I want to find the degree and basis of the field extension $\mathbb{Q}(\sqrt{2+\sqrt{5}})$.
let $\alpha=\sqrt{2+\sqrt{5}}$. $$\alpha^2=2+\sqrt{5},\quad \alpha^4-4\alpha^2-1=0.$$
So possible minimal polynomial $f(X)=X^4-X^2-1$. $f$ is irreducible over $\mathbb{Q}$ since its roots are all non rationals and so its possible factors are of degree $2$ not $1$. Looking at the roots shows irreducibility and hence $f$ is the minimal polynomial and degree of extension is $4$.
My problem is with the basis. Since $\alpha^2=2+\sqrt{5}$, then $\sqrt{5}$ is in $\mathbb{Q}(\alpha)$. So $\mathbb{Q}(\alpha)$ has degree $4$ over $\mathbb{Q}$ and $\mathbb{Q}(\sqrt{5})$ has degree $2$ over $\mathbb{Q}$ using Tower Law gives degree $\mathbb{Q}(\alpha)$ over $\mathbb{Q}\sqrt{5}$ is $2$.
So a basis for $\mathbb{Q}(\alpha)$ is the product of the bases. $$B=\{1,\sqrt{5},\alpha,\alpha \sqrt{5}\}$$
Is the basis and method correct?
This is correct.
Let $L/K/F$ be a tower of field extensions.
Let $\{ k_i\}_i$ be a basis for $K/F$.
Let $\{ l_j \}_j$ be a basis for $L/K$.
Then the product $\{ k_i \cdot l_j \}_{i,j}$ is a basis for $L/F$.
This is reasonable as it has the correct size by tower law.
We can express every element $l \in L$ in terms of this basis. First expand $l = \sum_{j} l_j c_j$ with each $c_j \in K$, then expand each $c_j = \sum_{i} k_i d_{j,i}$ and we have $l = \sum_{j,i} (l_j k_i) d_{j,i}$ with each $d_{j,i} \in F$.

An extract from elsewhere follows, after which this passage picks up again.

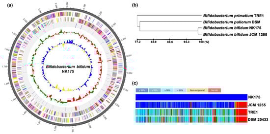 NK175 was 2,263,214 base pairs with a GC content of 62.9% (Figure 7). The total CDS number was 1052.8. The rRNA and tRNA gene numbers were 9 and 61, respectively. Its genome showed the phylogenetic similarity to Bifidobacterium bifidum JCM1255 (98.9%) and Bifidobacterium pullorum DSM20433 (79.5%) and was significantly different from those of previously reported NK151 and NK173 []. Moreover, they did not show hemolytic activity in the blood agar plate. Therefore, NK175 was identified as Bifidobacterium bifidum, based on Gram staining, the API50 CHL kit, and whole genome analyses.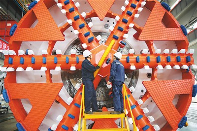 今年以來(lái),濟(jì)南重工集團(tuán)有限公司打造以軌道交通裝備產(chǎn)業(yè)為核心的智能制造與高端裝備產(chǎn)業(yè)園,重點(diǎn)發(fā)展全斷面隧道掘進(jìn)機(jī)、隧道掘進(jìn)專用裝備、裝配式建材生產(chǎn)線等產(chǎn)品領(lǐng)域,老國(guó)企煥發(fā)出勃勃生機(jī)。圖為工人在查看即將完工的盾構(gòu)機(jī)刀盤。

Secondly it is a linearly independent basis, suppose $0 = \sum_{j,i} (l_j k_i) d_{j,i}$ then you can group the terms as a sum of $K$ coefficients in the basis of $L/K$ so it will be zero if each coefficient is zero. Now you can apply linear independence of $K/F$.